I suspect any solution like that will be wholesale thrown away in a year or two. Unless the damn thing is going to make money in the next 2-3 years, we are all mostly going to write throwaway code.
Things are such an opportunity cost now days. It’s like trying to capture value out of a transient amorphous cloud, you can’t hold any of it in your hand but the phenomenon is clearly occurring.
Can you talk about the main non-LLM NLP tools you use? e.g. BERT models?
> One prompt? Fair. 10? Still ok. 100? You're pushing it. 10M - get help.
Assuming you could do 10M+ LLM calls for this task at trivial cost and time, would you do it? i.e. is the only thing keeping you away from LLM the fact they're currently too cumbersome to use?
You can use embeddings to build classification models using various methods. Not sure what qualifies as "get help" level of cost/throughput, but certainly most providers offer large embedding APIs at much lower cost/higher throughput than their completion APIs.
http://www.incompleteideas.net/IncIdeas/BitterLesson.html
So what would you use to classify whether a document is a critique or something else in 1M documents in a non-English language?
This is a real problem I am dealing with at a library project.
Each document is between 100 to 10k tokens.
Most top (read most expensive) LLMs available in OpenRouter work great, it is the cost (and speed) that is the issue.
If I could come up with something locally runnable that would be fantastic.
Presumably BERT based classifiers would work if I had one properly trained for the language.
I guess you've already seen https://huggingface.co/collections/answerdotai/modernbert-67... ?
> LLMs are not feasible when you have a dataset of 10 million items that you need to classify relatively fast and at a reasonable cost.
What? That's simply not true.
Current embedding models are incredibly fast and cheap and will, in the vast majority of NLP tasks, get you far better results than any local set of features you can develop yourself.

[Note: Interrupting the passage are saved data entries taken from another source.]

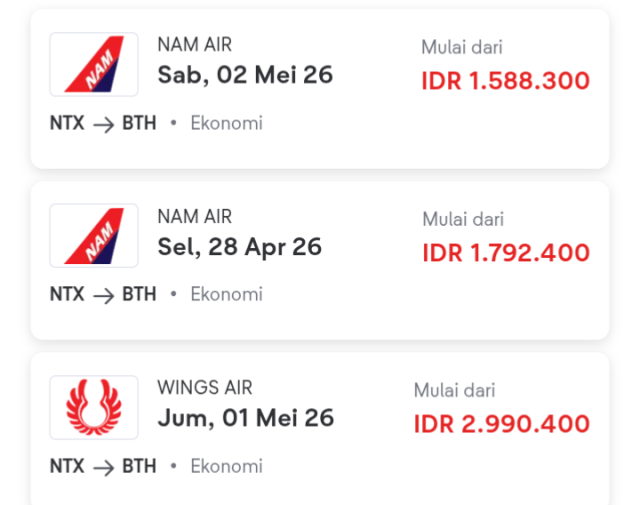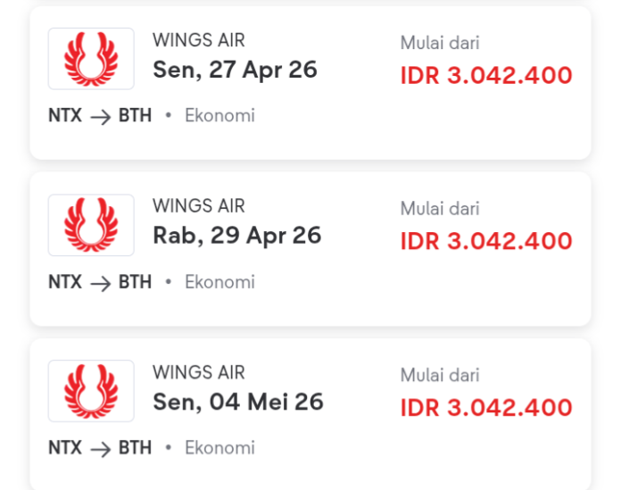 1. Maskapai Wing Air dari Ranai (Natuna/NTX) – Hang Nadim (Batam/BTH), Senin 27 April 2026, harga tiket Rp3.042.400, kelas Ekonomi.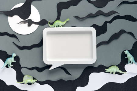 Halloween paper decorations chat bubble mock up on purple background. Flat lay, top view, minimal style, copy space, banner for your site, party invitation, flyer, traditional color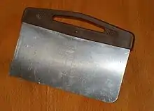 | Dough scraper | Bench scraper, Scraper, Bench knife | To shape or cut dough, and remove dough from a worksurface | Most dough scrapers consist of handle wide enough to be held in one or two hands, and an equally wide, flat, steel face. | ![]() |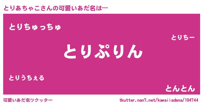 | 女子向けラノベタイトル風あだ名 | 『とりあちゃこの玉の輿計画!』 |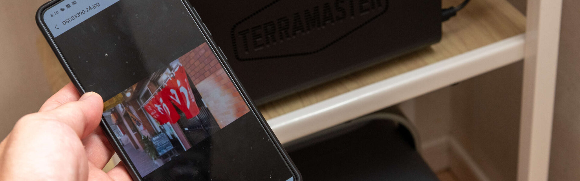 スマートフォンユーザーに嬉しいのが、写真の自動バックアップ機能。Google PhotoやOneDriveではすでにおなじみのスマートフォン内の写真のバックアップを、TERRAMASTER F2-425単独で行うことが可能です。TNAS Mobileアプリで設定すれば、撮影した写真をモバイルネットワーク、もしくはWi-Fi環境で自動的にアップロード。すぐにTNAS Mobileの写真アルバムに反映されるため、スマートフォンのストレージから削除しても心配いらないというわけです。
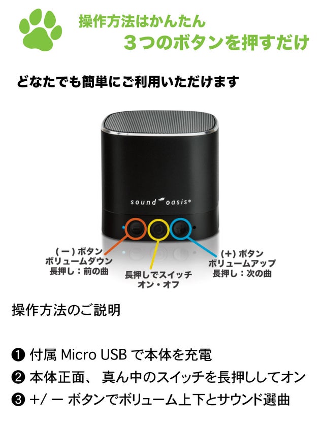※リターン品の配送が完了するまで、ウェザリージャパン株式会社はサウンドオアシス社の日本における独占販売権を有する正規代理店です。詳細に関しては、ページ下部のリスク&チャレンジをご確認ください。 急速に高まるテレワークなどの環境変化によって、飼い主さんの生活スタイルも大きく変化しています。その中で、影響を消すことができない大きな要因が「音」です。 「天候」「サイレン」「チャイム音」などで、一緒に暮らすわんちゃんや猫ちゃんが大きな影響を受けていることがあるかと思います。また、お留守番などで発生する「無音」の状態は、野生動物などが緊張感が高まった夜中などに狩りをする環境と似た状態になり、緊張感が生まれて大きな影響を与えてしまう場合があると言われています。 外出時やお昼寝などの際に、「ただスイッチを入れて音楽を再生するだけ」。1楽曲8時間再生のため、途中で切れてしまう心配がなく無音状態を避けて快適なサウンドを。 自然の中に溢れるサウンドや聴き慣れたサウンドと共にホワイトノイズが空間を包み込みます。 専門家が開発した「ペットのための20曲」を収録。「心音」や「猫ちゃんが喉を鳴らすゴロゴロ音」などにホワイトノイズをMixした「ペットのための快適サウンド」。 サウンドオアシスペットには、自然の音楽を長年監修している専門家のバテール博士が監修した「ペットのリラックスタイム」のために選曲された20曲の楽曲が収録されています。心臓の音を再現した「心音」をはじめ、楽器のリズムや楽器が持つ特徴を活かしたリラックスタイムに最適なサウンドです。 ウェザリー・ジャパン株式会社は、「新しい眠りと健康を世界から」を理念に2005年に設立。その後、数多くの革新的な眠りと健康をサポートする製品、及び新しいライフスタイルをサポートする製品を世界中から発掘、日本国内にて正規販売代理店として発売しております。 製造メーカーは カナダ サウンドオアシス社、生産国は中国となります。ウェザリー・ジャパン株式会社はサウンドオアシス社製品の日本正規代理店となります。 サウンドオアシス社はこれまで多くのサウンドに関する製品を発表しておりました。今回、ご支援者、お客様からの多くのご意見を今回発売いたします最新モデル、サウンドオアシスペットに取り入れ、新しいサウンドケアをお届け出来ることなりました。 弊社が長年に渡りサウンドオアシス社の製品を取り扱ってきた大きな理由は、「音」の世界にこだわりぬいてきている実績です。「音」は、エンターテイメント、環境、など生活にかかせないものだと思っています。そして、その「音」にこだわり抜いてきたメーカーだからこそ開発できる製品が今回「ペット専用」のものとして発表できることになりました。 製品の保証は1年間の製品保証ならびに皆様からのお問い合わせなどは、ウェザリージャパンがしっかりと国内対応(日本語対応にて)を行わせていただきます。 「大切な家族」と共に過ごす快適なツールとしてご利用いただけたら幸いです。 (リターン品の配送が完了するまで、ウェザリー・ジャパン株式会社はサウンドオアシス社の日本における独占販売権を有する正規代理店です。詳細に関しては、ページ下部のリスク&チャレンジをご確認ください。)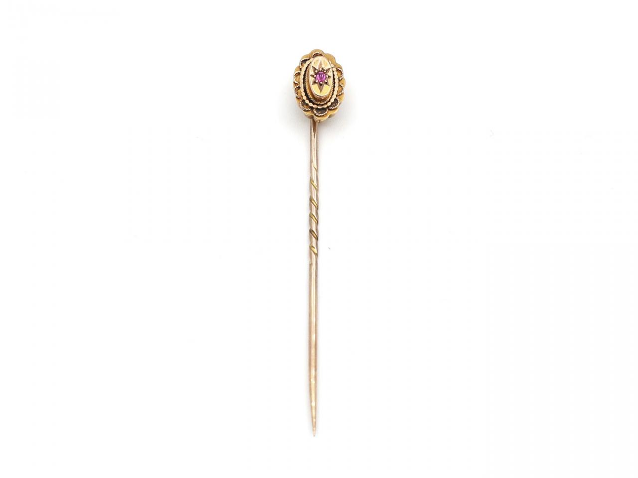 Antique ruby tie pin in yellow gold. An oval tablet in relief centred with a round ruby in a gypsy setting, framed by an elabrate gold border, fitted to the reverse with a secure pin.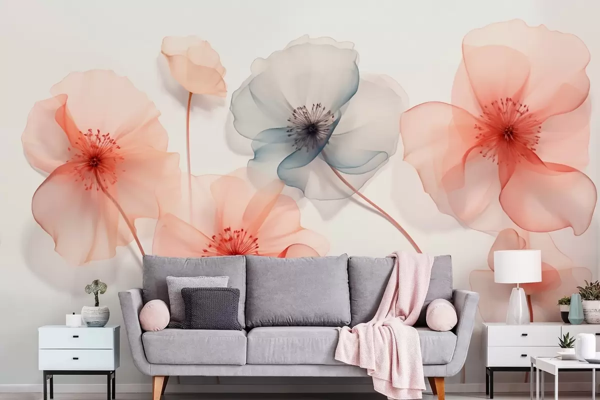 Stenske poslikave Prosojne cvetlice v rdečih in modrih odtenkih Št. w09515

I've also done this at work numerous times, and have been working on various NLP tasks for over a decade now. For all future traditional NLP tasks the first pass is going to be to get fetch LLM embeddings and stick on a fairly simple classification model.
> One prompt? Fair. 10? Still ok. 100? You're pushing it. 10M - get help.
"Prompting" is not how you use LLMs for classification tasks. Sure you can build 0-shot classifiers for some tricky tasks, but if you're doing classification for documents today and you're not starting with an embedding model you're missing some easy gains.
For context, 10M would cost ~$27.
Say Gemini Flash 8B, allowing ~28 tokens for prompt input at $0.075/1M tokens, plus 2 output tokens at $0.30/1M. Works out to $0.0027 per classification. Or in other words, for 1 penny you could do this classification 3.7 times.
Prompt caching would lower the cost, later similar tech would lower the inference cost too. You have less than 25 tokens, thats between 1-5$.
There may be some use case but I'm not convinced with the one you gave.
So there's a bit of an issue with prompt caching implementations: for both OpenAI API and Claude's API, you need a minimum of 1024 tokens to build the cache for whatever reason. For simple problems, that can be hard to hit and may require padding the system prompt a bit.
Can you recommend a way to classify a small number of objects? Local only and Python preferably.
So TLDR: You agree with the author, but not for the same reasons?